When I was battling this AS a couple of years back, I was firm in my faith that God had a purpose in everything.  My faith never wavered and each time I faced difficulty, a song rang in my head - Great is Thy Faithfulness. 

This verse particularly resonated with me:

"Pardon for sin and a peace that endureth,
Thine own dear presence to cheer and to guide;
Strength for today and bright hope for tomorrow,
Blessings all mine, with ten thousand beside!"

Strength for today!
Bright hope for tomorrow!
Blessings all mine,
And ten thousand more blessings to come.

Yes, I had that blessed hope that tomorrow will be better, my future is in God's hands.

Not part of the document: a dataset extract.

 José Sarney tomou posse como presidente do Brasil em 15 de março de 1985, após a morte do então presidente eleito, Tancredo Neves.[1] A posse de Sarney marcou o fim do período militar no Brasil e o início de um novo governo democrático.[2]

Sadly, I seemed to be on losing ground in this battle.  I lost my positivity, and my faith was shaken.  And I don't know why, but each time I hear the chorus of this song, my tears well up.

"I know who goes before me
I know who stands behind
The God of angel armies
Is always by my side

The one who reigns forever
He is a friend of mine
The God of angel armies
Is always by my side

And nothing formed against me shall stand
You hold the whole world in Your hands
I'm holding on to Your promises

You are faithful
You are faithful"

All of a sudden, I realize why this song spoke to me so much.  And I mean right now, this is the moment that realization hit me. 

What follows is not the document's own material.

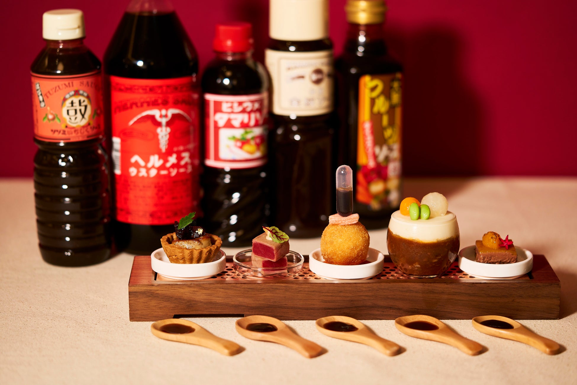 ソースは、古くから大阪の家庭の食卓における「洋」を代表する存在であり、「ちょっと贅沢」で「ごはんがたくさん食べられる」という便利な調味料として親しまれてきました(*)。多くの家庭では、数種類のソースを常備し、料理によって使い分けることもあります。また大阪の業務用スーパーでは、圧倒的な種類のソースが販売されており、揚げ物を扱う店舗やお好み焼き店ではソースを混ぜ合わせ、店舗オリジナルの味を作り出しています。そんな大阪の食文化と深く関わるソースですが、食べ比べする機会は滅多にないものです。そこでOMO7大阪では、各ソースの特徴を活かしたオリジナルのピンチョスを提供し、ソースの味を比べながら、その奥深さを感じられるイベントの実施に至りました。
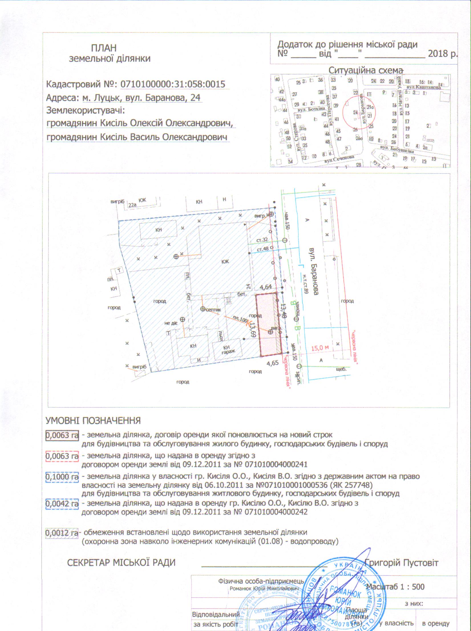 Розглянувши клопотання громадян Кисіля Олексія Олександровича, Кисіля Василя Олександровича щодо поновлення договору оренди землі, зареєстрованого у Державному реєстрі земель від 09.12.2011 за № 071010004000241, витяг з Державного земельного кадастру про земельну ділянку від 13.12.2017 № НВ-0001097082017, враховуючи правовстановлюючі документи громадян Кисіля Олексія Олександровича, Кисіля Василя Олександровича на об’єкти нерухомого майна на вул. Баранова, 24: свідоцтво про право власності від 27.02.2013 за № 824114, відповідно до якого право власності громадянина Кисіля Олексія Олександровича на 64/100 частки житлового будинку з надвірними будівлями і спорудами зареєстроване в Державному реєстрі речових прав на нерухоме майно від 05.02.2013, номер запису про право власності: 236079; договір дарування від 10.06.1985 за №1-2004, відповідно до якого право власності громадянина Кисіля Василя Олександровича на 13/100 частки житлового будинку з надвірними спорудами зареєстроване 21.07.1985 за № 1449; свідоцтво про право на спадщину за законом від 09.07.1986 за № 1-3475, відповідно до якого право власності громадянина Кисіля Олексія Олександровича на 87/600 частки житлового будинку з надвірними спорудами зареєстроване 09.10.1987; технічний паспорт на об’єкт нерухомого майна від 28.11.2012; державний акт на право власності на земельну ділянку площею 0,1000 га, зареєстрований в Книзі записів реєстрації державних актів на право власності на землю та на право постійного користування землею, договорів оренди землі від 06.04.2011 за № 071010001000536, керуючись статтями 12, 93, 96 Земельного кодексу України, статтею 33 Закону України “Про оренду землі”, Законом України “Про Державний земельний кадастр”, статтею 4 Закону України “Про державну реєстрацію речових прав на нерухоме майно та їх обтяжень”, Законом України “Про внесення змін до деяких законодавчих актів України щодо розмежування земель державної та комунальної власності”, статтею 26 Закону України “Про місцеве самоврядування в Україні”, пунктами 162, 171 Постанови Кабінету Міністрів України від 17.10.2012 № 1051 “Про затвердження Порядку ведення Державного земельного кадастру”, пунктами 8, 30 договору оренди землі, міська рада

Because even if we lose our faith in God, HE is still faithful to us.  I was losing the reason to continue seeking God's face, I was falling down into a deep dark hole of self-pity... But GOD is faithful.  He will draw us back into His arms.

How did He do this for me?

3 weeks ago, I bumped into a friend whom I hadn't seen in a couple of years.  He was visiting my office with a mutual friend of ours.  We exchanged pleasantries and I asked how he was doing.

He told me he'd lost a lot of weight in the last couple of years due to a new diet he was trying.

I told him he didn't need to diet, he was slender enough as it was!

It turns out that he was trying out a diet to help deal with a condition that he had.  And it turned out to be ankylosing spondylitis as well.

He told me it was such a relief and felt so good to find a fellow sufferer.  Not that he was glad that I was suffering too, but it just felt less lonely knowing that someone out there knows exactly how he feels. 

I felt the same way, it was a feeling of support and empathy that really lifted me.

The next week after that, a client noticed something amiss as I entered their office.  He could tell I was a person walking as though I was in a lot of pain.  My flare up then (and now) affects my neck the most, and I am unable to move it left, right or look down without feeling some kind of jolt of pain. 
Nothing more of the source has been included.